As described in the dependent claim 4, as an alternative or as described in the dependent claim 8, preferably, in addition to re-encoding the B-frame as a single-sided B-frame depending only on the preceding reference frame, the newly created P-frame is (also) used as a reference frame. The motion vectors with reference to the P-frame can be based on the motion vectors that were used with reference to the subsequent reference frame. These motion vectors can enable an effective coding of the B-frame. Particularly, if also a high proportion of the motion vectors with reference to the preceding reference frame can be used, the code size of the B-frame may get very close to that can be achieved by a full re-encoding.
As described in the dependent claim 5, the direction of the motion vector is kept the same, but the length is reduced to compensate for the new reference frame being temporally (in time) closer.
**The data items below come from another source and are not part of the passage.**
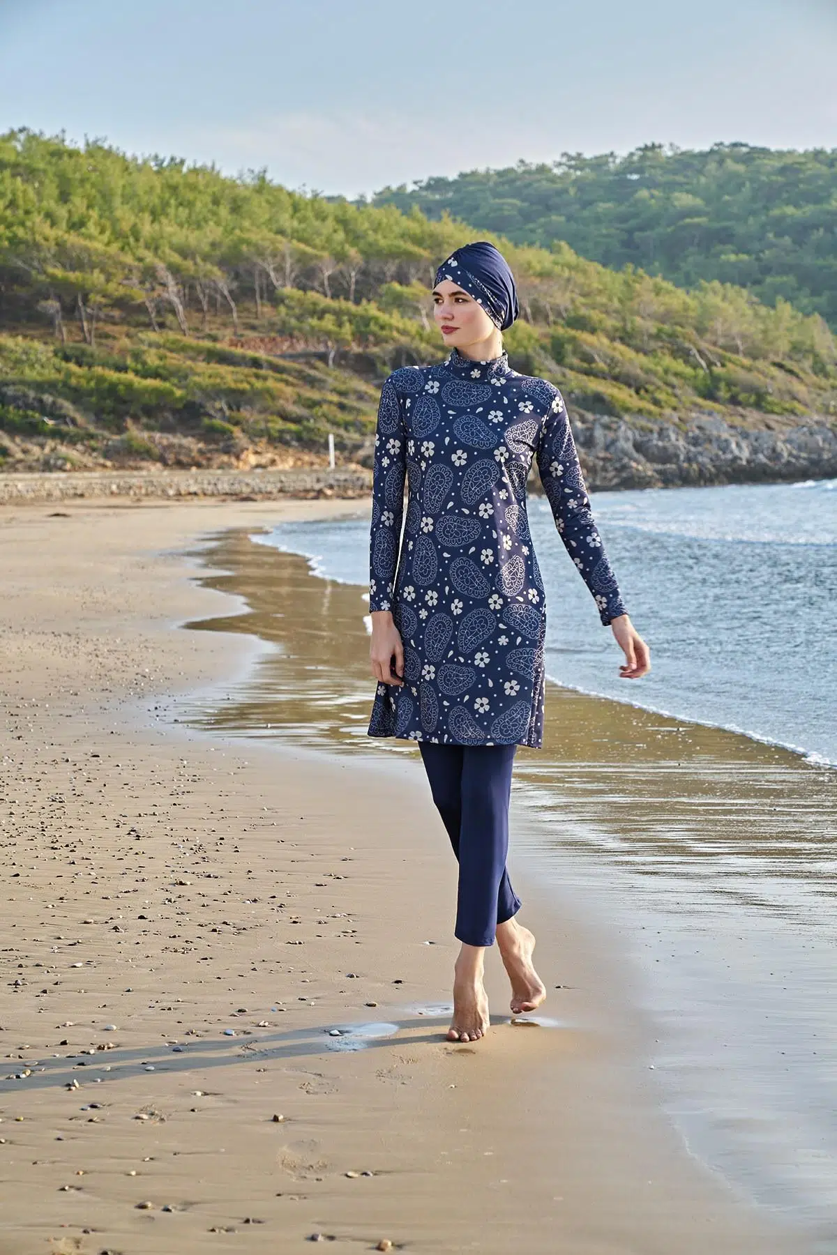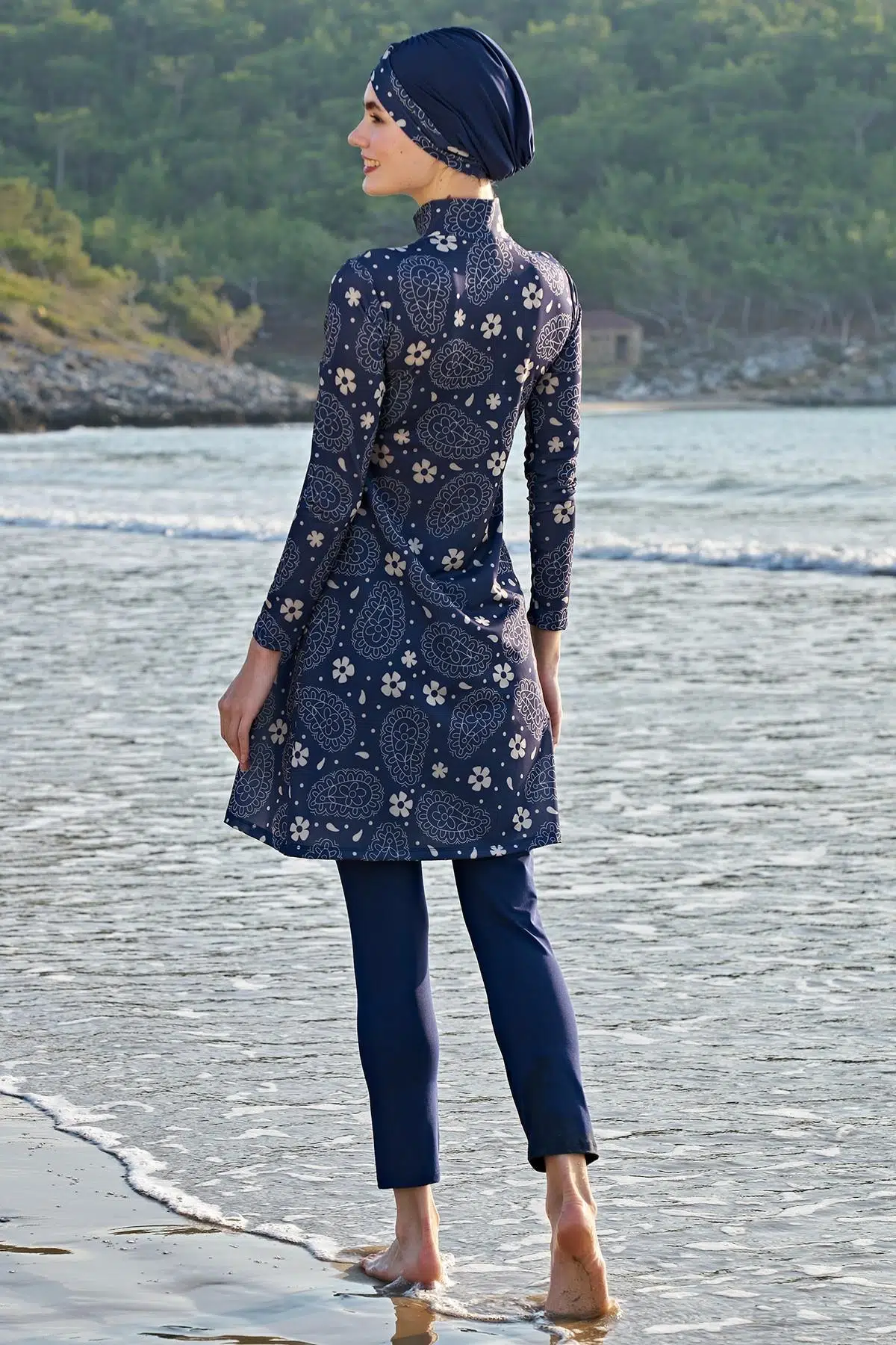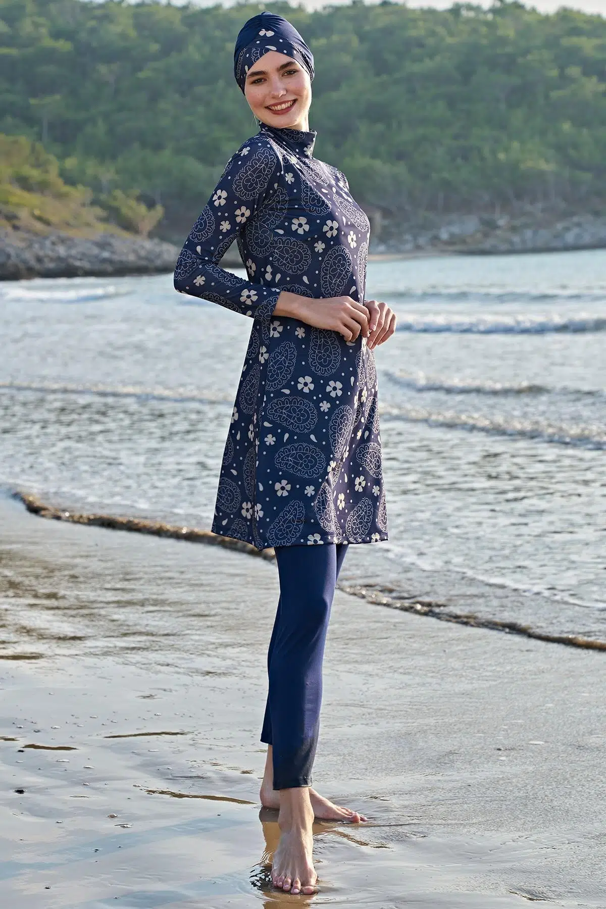Ruko Maio 23130-2 Büyük Beden Çift Eşarp ve Tesettür Boneli Balıkçı Yaka Tesettür Mayo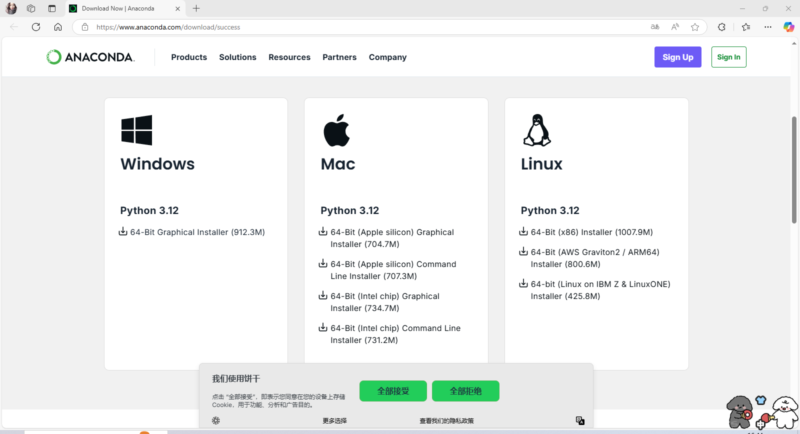 下载地址 Download Now | Anaconda(最初下载的是Windows版本,但是很容易在后面环境配置失败,而且由于残留基本上后续仍会失败,建议是下载linux版本)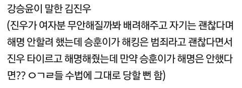 한사람 일이라고 하기엔 너무 조직적으로 움직이는거 같고 마치 진우 이미지를 안좋은쪽으로 만들려는 그런 느낌을 받았어..
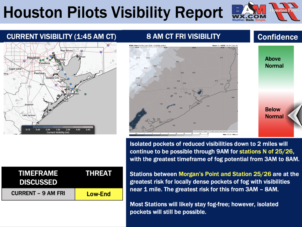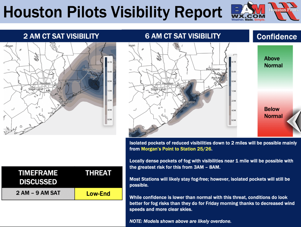 Good Friday AM! Here is your latest Houston Pilots Forecast Package/Visibility Update! If you have any forecast questions, please do not hesitate to reach out via our on call phone number (317)-560-8122, option 1.
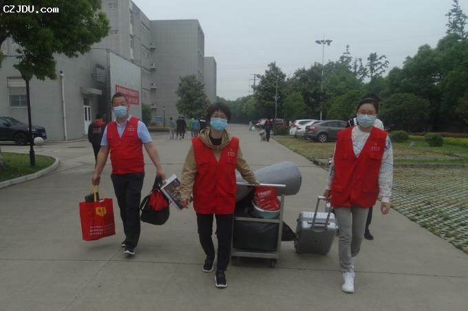 立夏時(shí)節(jié),校園內(nèi)郁郁蔥蔥。5月8日下午,學(xué)院機(jī)關(guān)支部全體黨員將學(xué)生宿舍床上用品提前進(jìn)行布置,方便學(xué)生返校后取用。5月9日至10日,學(xué)院迎來陸續(xù)分批返校的學(xué)生,各支部黨員按照計(jì)劃安排,克服早晨的涼風(fēng)微襲和日間的烈日當(dāng)頭,發(fā)揚(yáng)不怕疲勞的精神,積極熱情迎接返校學(xué)生,幫助家長卸下行李,用手提、車推將學(xué)生行李一件一件、一趟一趟運(yùn)送至指定宿舍,使送行的學(xué)生家長放心回程,深深體會(huì)到學(xué)院春季開學(xué)防控疫情的嚴(yán)格,服務(wù)的周到,關(guān)心的細(xì)致。
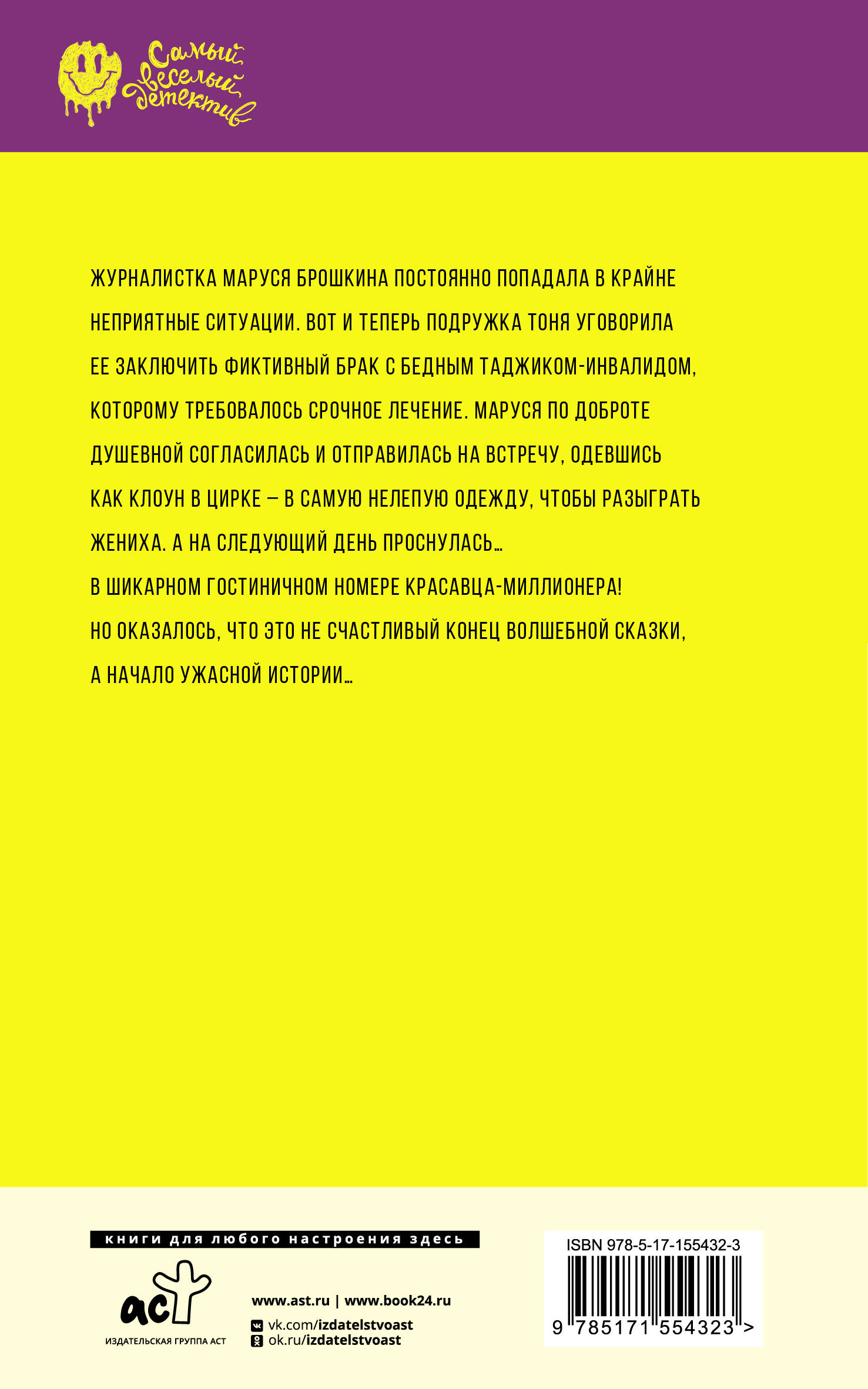 Журналистка Маруся Брошкина постоянно попадала в крайне неприятные ситуации. Вот и теперь подружка Тоня уговорила ее заключить фиктивный брак с бедным таджиком-инвалидом, которому требовалось срочное лечение. Маруся по доброте душевной согласилась и отправилась на встречу, одевшись как клоун в цирке - в самую нелепую одежду, чтобы разыграть жениха. А на следующий день проснулась… в шикарном гостиничном номере красавца-миллионера! Но оказалось, что это не счастливый конец волшебной сказки, а начало ужасной истории…| Издательство | Издательство "АСТ" |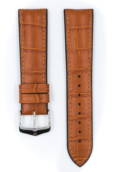 An new take on an evergreen.timeless | classy | reliable MATERIALThe finest Italian calfskin with natural-looking alligator grain and semi-mat finish in characteristic two-toneHIRSCH Premium Caoutchouc core Bracelet details BRACELET DETAILSSporty, classic designAccentuated patented seamEmbedded fixed loopHigh-quality stainless steel buckle in HIRSCH Classic Design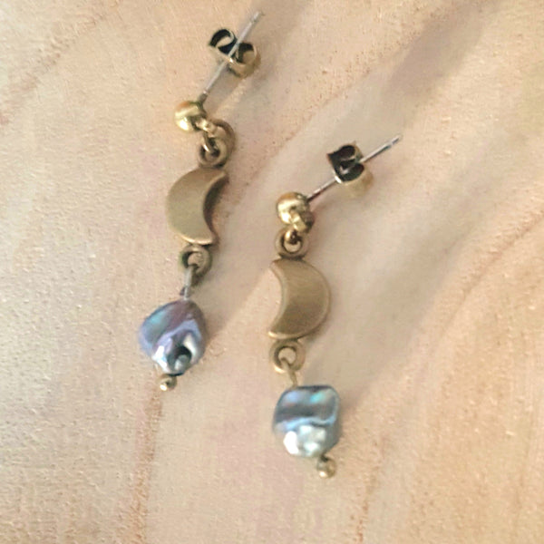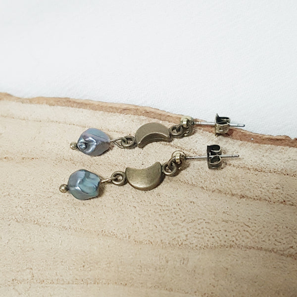 Retro oorbellen met bronskleurige maantjes en prachtige grijsblauwe brokjes zoetwater parel. De parels hebben een mooie natuurlijke parelmoerglans.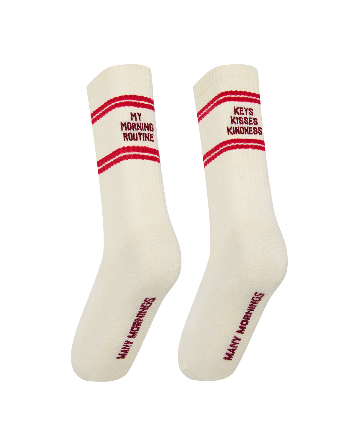 Nicht jeder Morgen ist ein Wettlauf gegen die Zeit. Manchmal öffnest du einfach die Augen, lächelst in die Welt oder drehst dich zu deinem Lieblingsmenschen für einen sanften Kuss. Es ist ein kleines Ritual aus Wärme und Ruhe – wenn der Kaffee nicht zu schnell kalt wird und die Gedanken ganz von selbst an ihren Platz fallen. Diese sanfteste aller Routinen schenkt dir den perfekten Start in den Tag – und genau dieses Gefühl steckt in unseren Kind Routine Socken.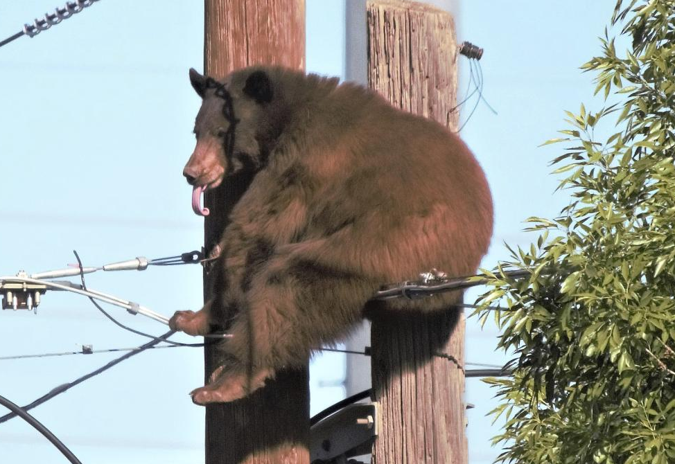 美国亚利桑那州道格拉斯,一只棕熊爬上当地电线杆,引来民众围观。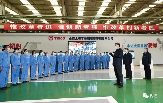 2020年5月11日至12日,中共中央總書記、國家主席、中央軍委主席習近平在山西考察。這是5月12日上午,習近平在太鋼不銹鋼精密帶鋼有限公司生產車間考察時,同企業職工親切交流。(新華社記者 謝環馳 攝)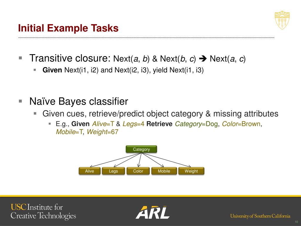 Initial Example Tasks • Transitive closure: Next(a, b) & Next(b, c) Next(a, c) • Given Next(i1, i2) and Next(i2, i3), yield Next(i1, i3) • Naïve Bayes classifier • Given cues, retrieve/predict object category & missing attributes • E.g., GivenAlive=T & Legs=4RetrieveCategory=Dog, Color=Brown, Mobile=T, Weight=67 Category Alive Legs Color Mobile Weight

As described in the dependent claim 6, the length is adapted according to the proportion that the new reference frame is temporally closer. This is a good approximation for images where the objects move substantially with a constant speed and direction over the duration of the frame sequence.
As described in the dependent claim 7, a search is performed along the length of the original motion vector. This enables finding a good match were the speed of the object changes, but the direction remains substantially the same during the duration of the involved frame sequence.
As described in the dependent claim 9, among the frames of the second sequence that have been taken over, a new reference frame is located, being either a P-frame or an I-frame. In the case that the first reference frame that is located is a P-frame, this frame is re-encoded to an I-frame. This ensures that in the second part of the combined sequence a suitable reference frame is present, being either the original I-frame or the newly created I-frame.
As described in the dependent claim 9, other identified B-frames in the second sequence are now re-encoded as single sided B-frames with reference to the newly created I-frame or the original I-frame, which ever situation occurs. The existing motion vectors can be re-used in an unmodified form.
These and other aspects of the invention are apparent from and will be elucidated with reference to the embodiments described hereinafter.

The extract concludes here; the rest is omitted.